- Directed by: Frank McDonald
- Written by: Maxwell Shane
- Based on: No Hands on the Clock by Geoffrey Homes
- Produced by: William H. Pine William C. Thomas
- Starring: Chester Morris Jean Parker Rose Hobart
- Cinematography: Fred Jackman Jr.
- Edited by: William H. Ziegler
- Music by: Paul Sawtell
- Production company: Pine-Thomas Productions
- Distributed by: Paramount Pictures
- Release date: 22 December 1941 (New York);
- Running time: 76 minutes
- Country: United States
- Language: English

= No Hands on the Clock =

1941 film by Frank McDonald

No Hands on the Clock is a 1941 American comedy mystery film directed by Frank McDonald starring Chester Morris as detective Humphrey Campbell. The cast also included Jean Parker and Rose Hobart. It was produced by Pine-Thomas Productions and released by Paramount Pictures.

== Plot ==
Private detective Humphrey Campbell tracks down a runaway woman named Louise and ends up marrying her. On the way to Reno, Nevada, for their honeymoon, the couple stops at a bank, which is robbed by three men.

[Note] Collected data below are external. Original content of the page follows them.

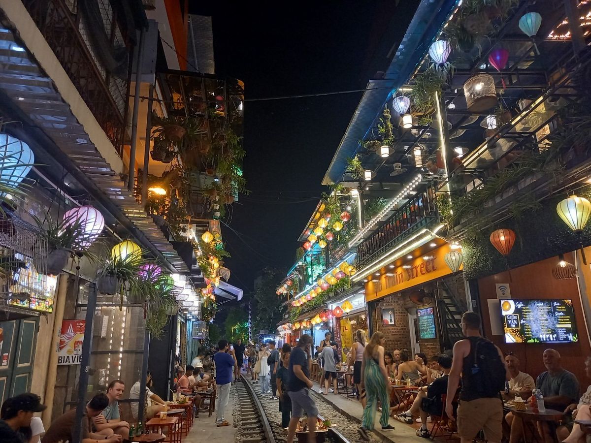 こんなに満たされたナイトツアーは滅多にないと思います!最高でした!女2人旅で、夜に不安なくアクティブに動きたくて、到着翌日参加。この日は私達だけで、ホテルまで送迎ありでした。ツアーは、まずミシュラン店での夕食のブンチャーが食べきれないほど。ガイドさんが食材の説明をしながら、鍋をどんどん作り足してくれて沢山食べられました!その後のトレインストリートへは徒歩移動でしたが、現地の暮らしを色々話しながら歩いてくれて、とても楽しかった。トレインストリートでは時間にゆとりがあり、エッグコーヒーを飲んだり、店主からフルーツをサービスしてもらったり、ゆっくりできました。何より列車通過時の迫力、群衆の盛り上がりと一体感はハンパない!最高でした!自力だとなかなか夜の列車走行に時間を合わせて動くのは難しかったので、有り難かったです。続いてシクロで旧市街を散策。バイクと車が入り組んで走るハノイ。夜なお活気のある商店の人々。車窓ではなく、肌で街の匂いや温度を感じられて、とても良かった!そしてこのツアーは週末限定催行のナイトマーケット散策が最後についています。広場にテントが立ち並び、大勢の人々が行き交う、活気のある市場でした。ガイドさんが一緒に回ってくれるので安心して動けました。終わりに、これまで各国旅をしてきた私ですが、今回日本語ガイドのGiangさんが本当に親切で感激しました!フレンドリーで地元のことやご自分のことを気さくに話してくれたことはもちろん、やや体調を崩してた私のケアもバッチリしてくれて感謝の一言です!有難う‼️忘れられない旅になりました。
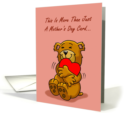 Mother's Day card showing a cute cartoon bear hugging a heart. Front says, This is More than a Mother's Day Card . . . Inside says, . . . It's a Long Distance Hug! Happy Mother's Day
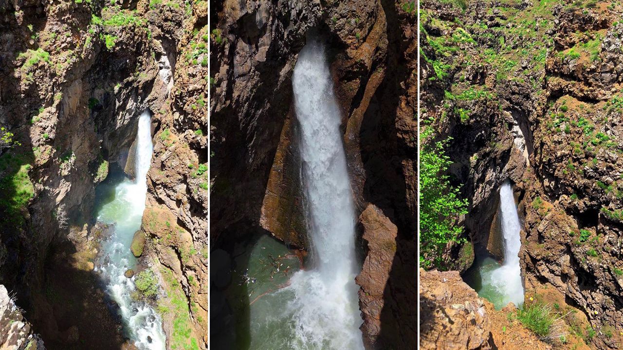 Bingöl'ün Solhan İlçesinde kayanın içinden süzülen şelale görenleri hayran bırakıyor
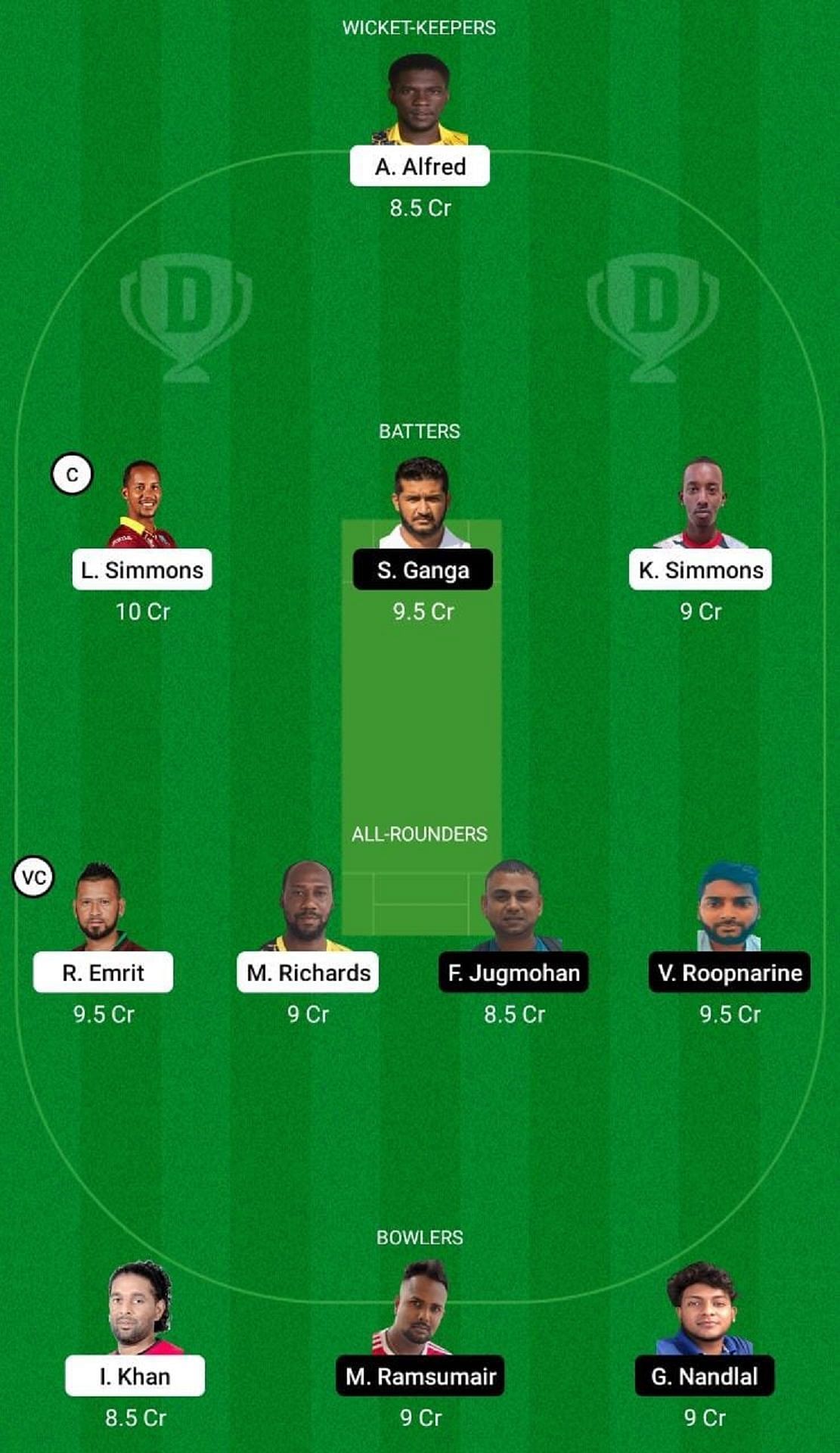 Fantasy Suggestion #1: A Alfred, K Simmons, L Simmons, S Ganga, F Jugmohan, M Richards, R Emrit, V Roopnarine, G Nandlal, I Khan, M Ramsumair
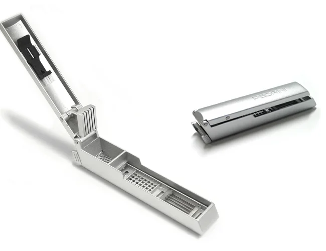- Cast zinc alloy body and pusher, stainless steel slicer, and nylon brush
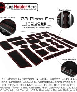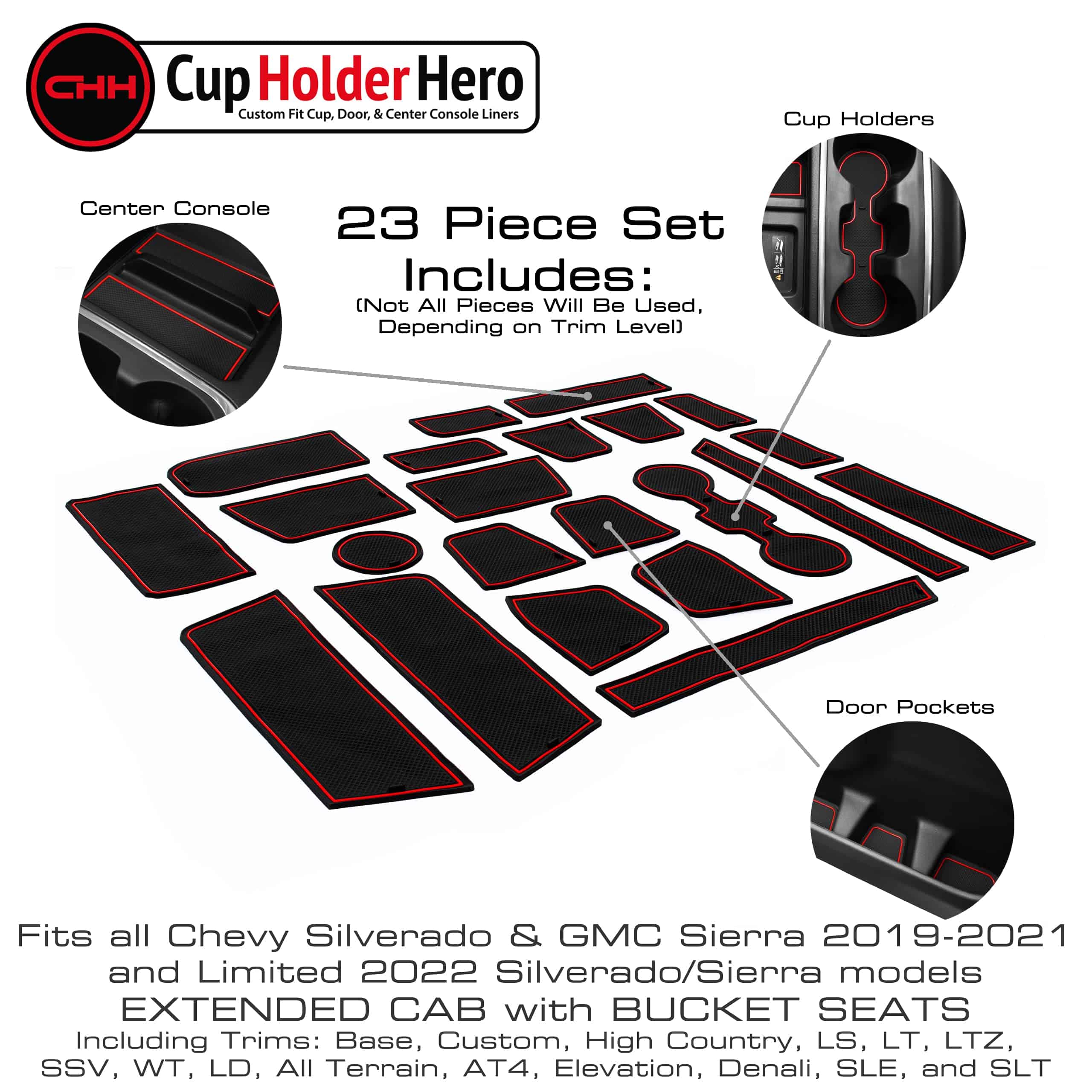 Confíe en los toques finales adecuados para el interior de su vehículo que hacen que cada viaje sea cómodo y conveniente. Las alfombrillas y portavasos personalizados para Chevy Silverado o GMC Sierra se ven increíbles mientras mantienen sus compartimentos ordenados, pulcros y sujetando los objetos en su lugar. El juego de 23 piezas sirve como excelente protección y ofrece tranquilidad. Se ajusta a modelos específicos de Chevy Silverado 1500, 1500 LTD y GMC Sierra 1500, 1500 Limited 2019-2022. Ayuda a mantener el vehículo libre de derrames, polvo y suciedad.
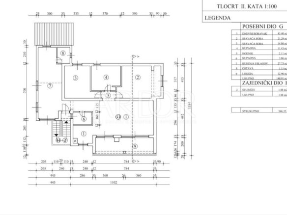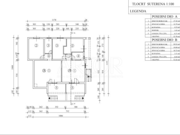 m2 and the land plot of 1.160 m2. On the ground floor there is an entrance area, an anteroom, a
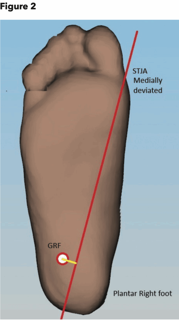When the GRF passes lateral to the STJA it creates a pronatory torque on the subtalar joint (Figure 1). Excessive or prolonged pronation moments contribute to conditions including adult acquired flatfoot and medial knee stress. Effective orthotic and pedorthic interventions aim to shift the GRF vector medially, thereby reducing the pronatory torque and supporting more efficient load distribution through the foot and lower limb.
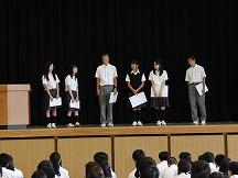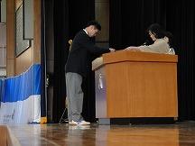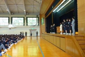 皆勤賞受賞者が呼名され起立しました。皆勤賞の表彰後は生徒会功労賞の表彰が続きました。
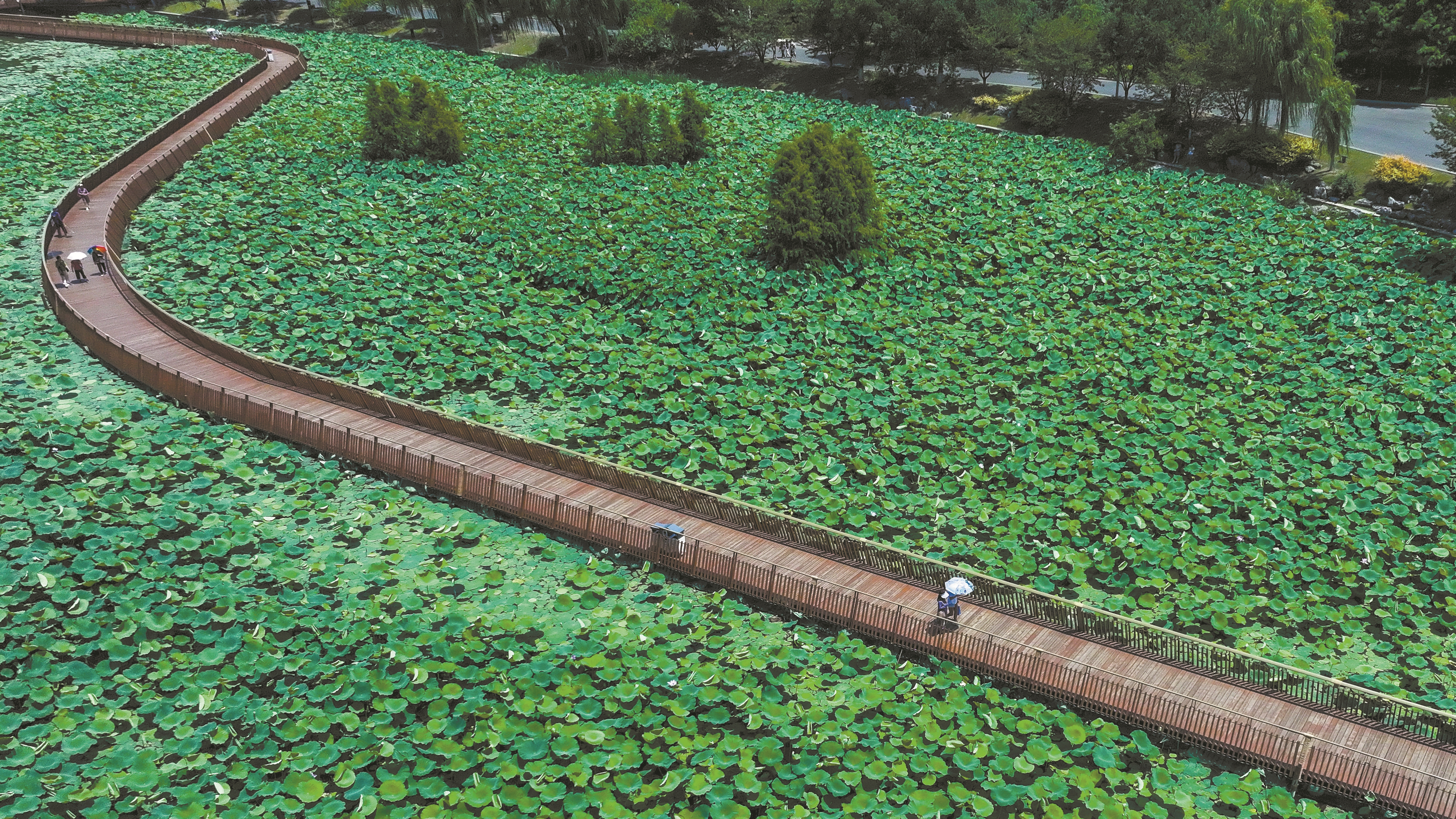 夏日时节,南京玄武湖公园内的荷叶渐密,赏荷栈道隐匿其中,宛如一条通往梦幻仙境的小径,吸引众多市民游客前来漫步休闲,临水赏荷。
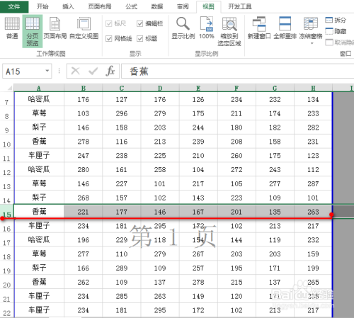 在“视图”选项卡下找到并点击“分页预览”,具体如图所示:
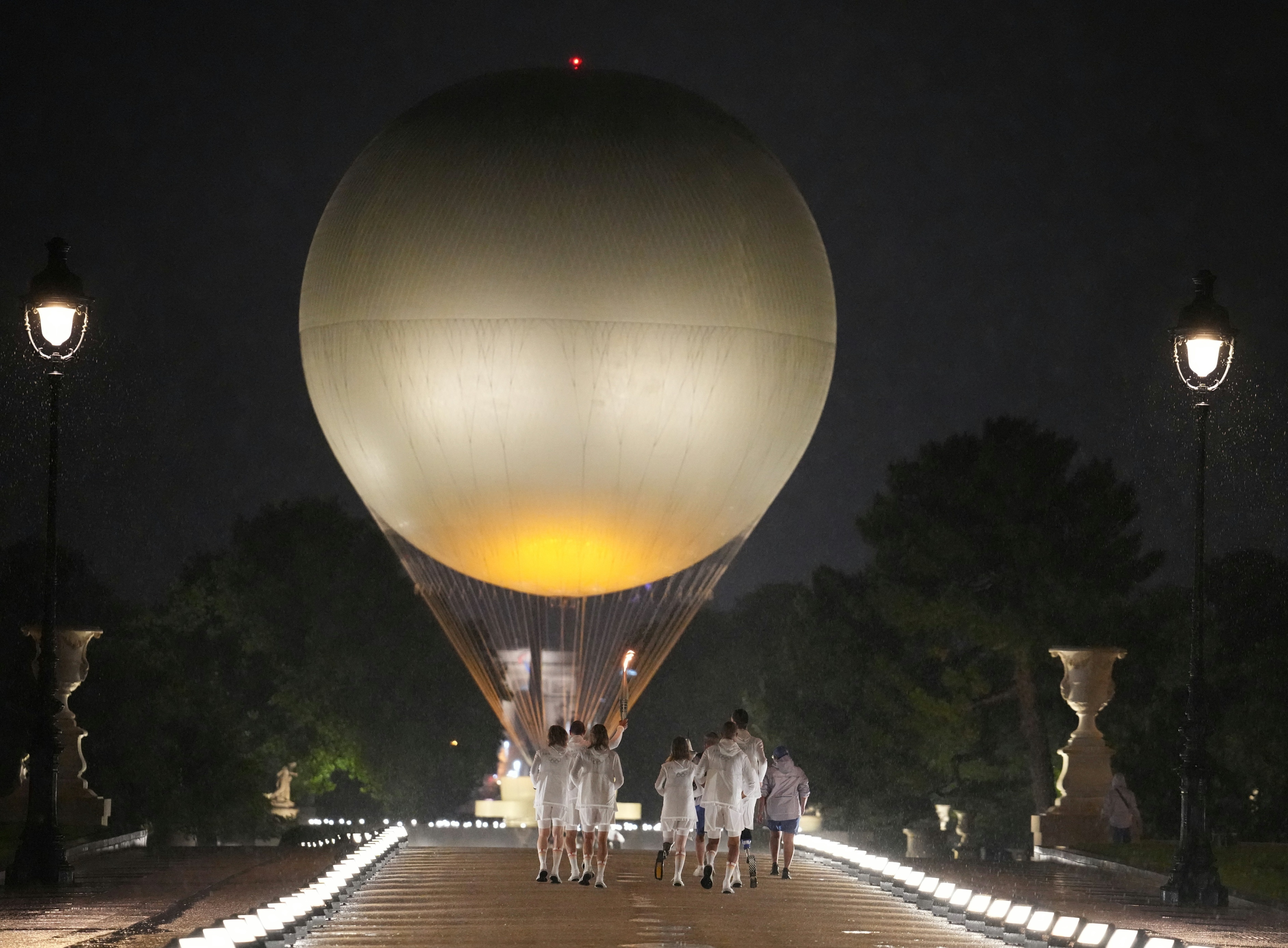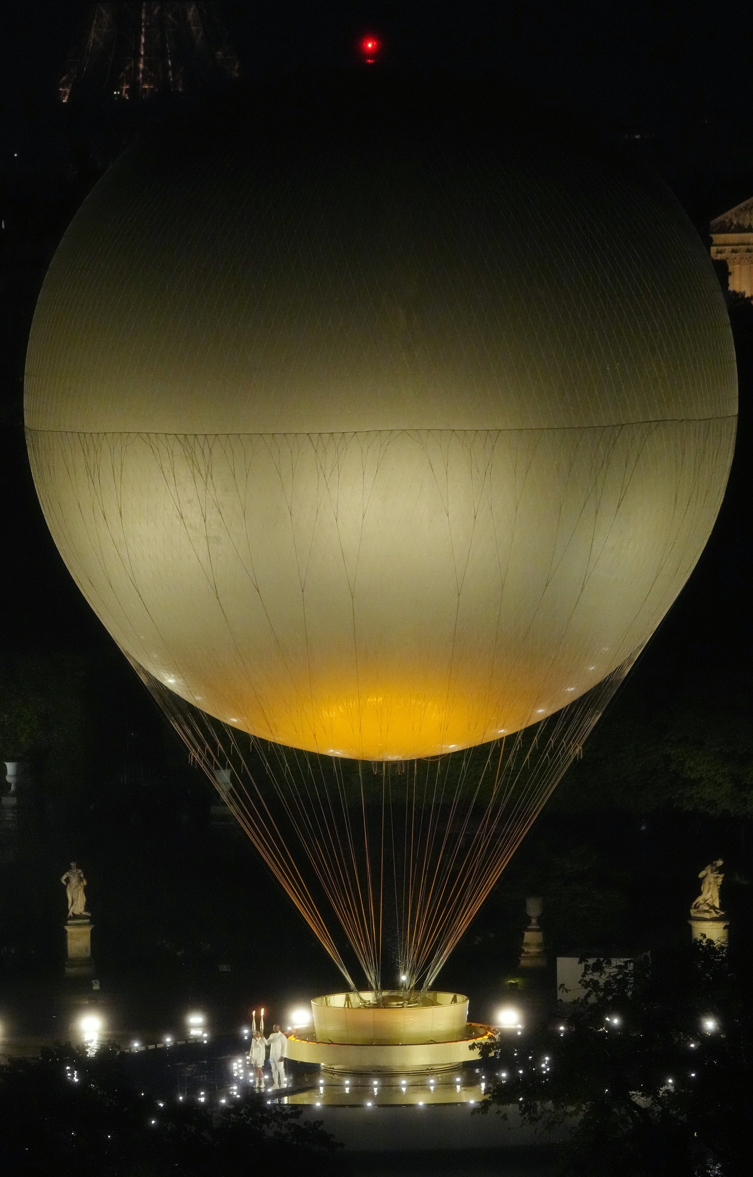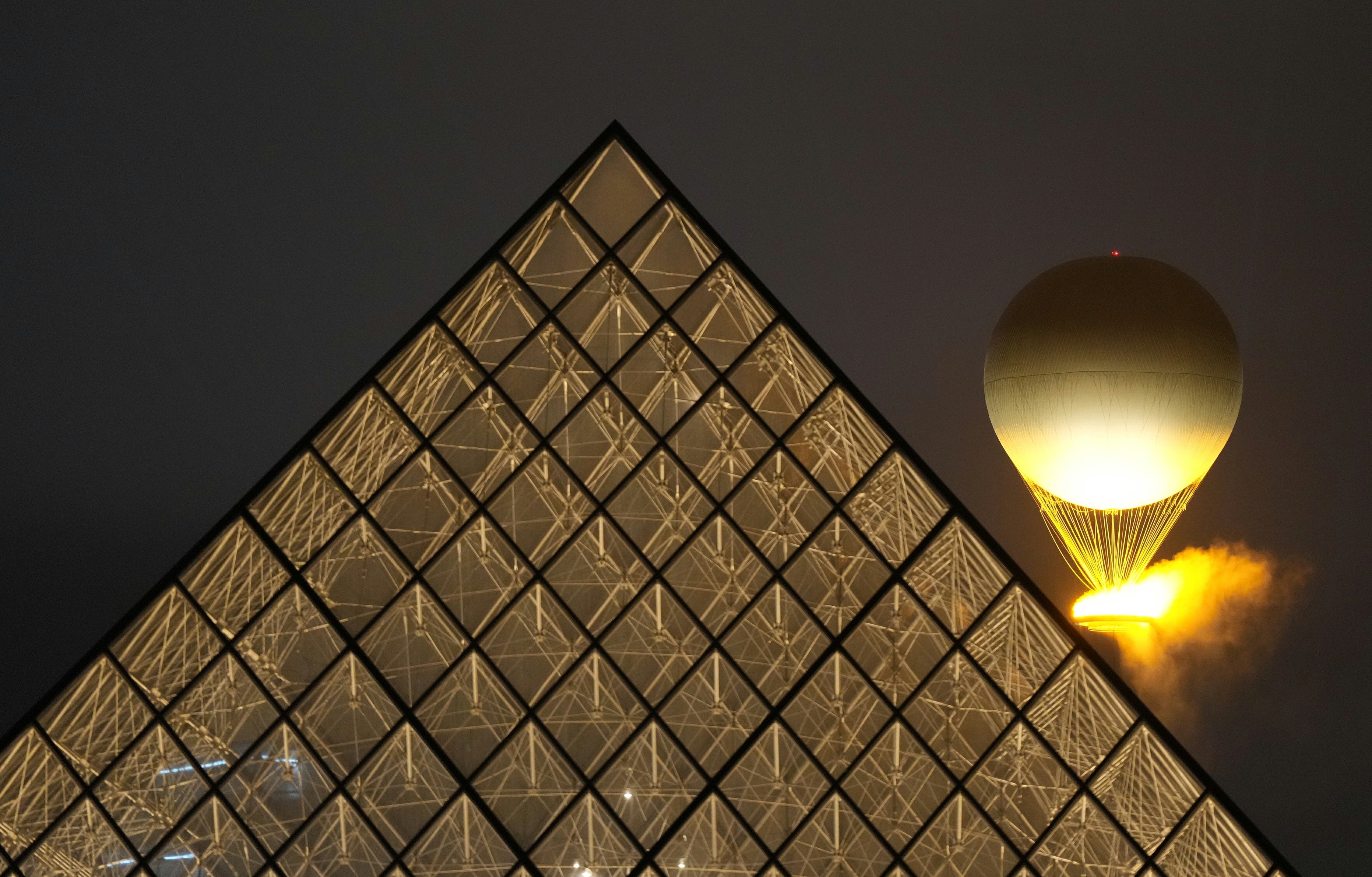 热气球状的主火炬在卢浮宫的玻璃金字塔前点燃。

Humphrey's employer, Oscar Flack of the Flack Missing Persons Bureau, tracks the newlyweds to a Reno hotel. (Across from the hotel, Louise spots an odd advertising clock, which has no hands. This has no bearing on anything, however.) Oscar wants him to find a missing man, Hal Benedict. Louise convinces him to take the case after Oscar promises her a fur coat for locating Hal. They go to see Warren Benedict, Hal's father. When Humphrey learns the FBI may be involved, he wants nothing to do with the case, but Oscar gets him to change his mind. Humphrey tries to keep Louise out of danger, but she has other ideas and keeps tagging along.

In the hotel bar, Humphrey learns that Hal was often seen with a woman, a redhead named Irene Donovan. A blonde named "Gypsy" Toland offers him a ride to Irene's place, but when Humphrey is spotted by a furious Louise, he gets out of the car. Humphrey later finds Irene dead. He also finds a very much alive Rose Madden, Hal's fiancée, who protests that she did not kill Irene. They drive off in Rose's car, then park and start talking. Louise spots him with the brunette Rose. Louise is ready to walk out on Humphrey, but the police will not let her leave because her husband is now a murder suspect.

Humphrey goes to see Clyde Copley, a collections investigator who admits he was hired by Hal to retrieve letters Hal wrote to Irene; Irene had threatened to use them if he married Rose Madden. Humphrey is cleared of the murder when Police Chief Bates learns that he has a solid alibi.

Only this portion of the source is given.